Monitor the Output: The script will display the video feed with overlays showing the number of visitors entering and exiting the booth. The counts will update in real-time based on the detections which will trigger once subject cross the line zone we've setup in the middle of the frame.

Understanding the User-Defined Callback Function

The app_callback function is a critical part of the booth visitor counter application. This function is executed whenever data is available from the GStreamer pipeline, processing the data to detect and count visitors. Here’s an overview from main sections of the function:

1. Triggering the line zone:

      detections = sv.Detections(
            xyxy=boxes, 
            confidence=confidence, 
            class_id=class_id,
            tracker_id=tracker_id)
    line_zone.trigger(detections)

The detection data is packaged into an sv.Detections object, which is then passed to the line_zone.trigger method. This method determines whether the detected objects have crossed the defined line, updating the in and out counts accordingly.

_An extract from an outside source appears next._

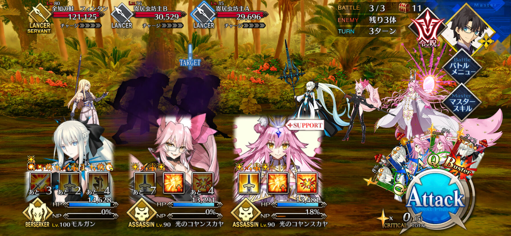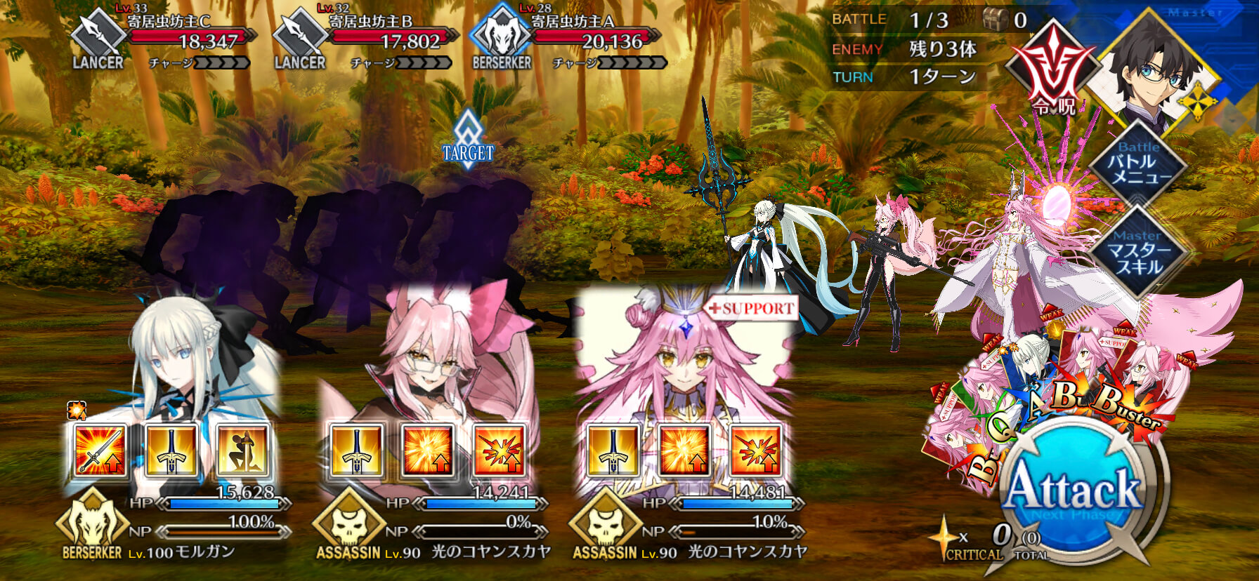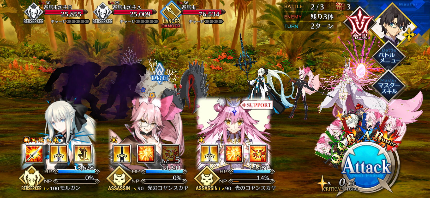 敵のクラスがランサーとバーサーカーであるため、セイバーやバーサーカーを編成して挑むのがおすすめ。いずれもドロップするコンを増やせる点で効率が良い。控えには全種のコンを増やせる「徴姉妹」や「太歳星君」を編成しておこう。

2. Updating the Text Overlay:

     textoverlay_top = app.pipeline.get_by_name("hailo_text_top")
    textoverlay_bottom = app.pipeline.get_by_name("hailo_text_bottom")
    textoverlay_top.set_property('text', f'\u2190 IN: {line_zone.in_count} \u2190')
    textoverlay_bottom.set_property('text', f'\u2192 OUT: {line_zone.out_count} \u2192')
    textoverlay_top.set_property('font-desc', 'Monospace 25')
    textoverlay_bottom.set_property('font-desc', 'Monospace 25')

The function retrieves the text overlay elements from the pipeline and updates them with the current in and out counts. The arrows (\u2190 for left and \u2192 for right) visually indicate the direction of movement, while the font size is set for readability.

3. Main functions:

Defining start and end points:
START = sv.Point(340, 0)
END = sv.Point(340, 640)

Here, two points are defined using the sv.Point class, which marks the start and end of a line within the video frame:

  • START = sv.Point(340, 0): This defines the starting point of the line at the coordinates (340, 0). This means the line starts 340 pixels from the left edge of the video frame, at the very top (0 pixels down).
  • END = sv.Point(340, 640): This defines the ending point of the line at the coordinates (340, 640). The line ends 340 pixels from the left edge and at the bottom of the frame (640 pixels down).

The line effectively runs vertically from top to bottom at the 340-pixel mark across the entire height of the frame.

Creating the line zone:

line_zone = sv.LineZone(start=START, end=END, triggering_anchors=(sv.Position.CENTER,sv.Position.CENTER_RIGHT, sv.Position.CENTER_LEFT))

The sv.LineZone class is used to create a line zone that will monitor this vertical line for crossings.

  • start=START and end=END: These parameters define the exact location of the line within the frame, using the points defined earlier.
  • triggering_anchors=(sv.Position.CENTER, sv.Position.CENTER_RIGHT, sv.Position.CENTER_RIGHT): These anchors specify which parts of the detected objects must cross the line for it to be considered a "trigger." In this case, the line zone is configured to trigger when the center of the object or the center-right portion of the object crosses the line.

Conclusion

This tutorial provides a robust foundation for creating a booth visitor counter using the Raspberry Pi 5, Hailo8L accelerator, and YOLO-based models. You can further customize the application by adjusting detection thresholds, adding new models, or integrating additional features such as cloud-based analytics or notifications.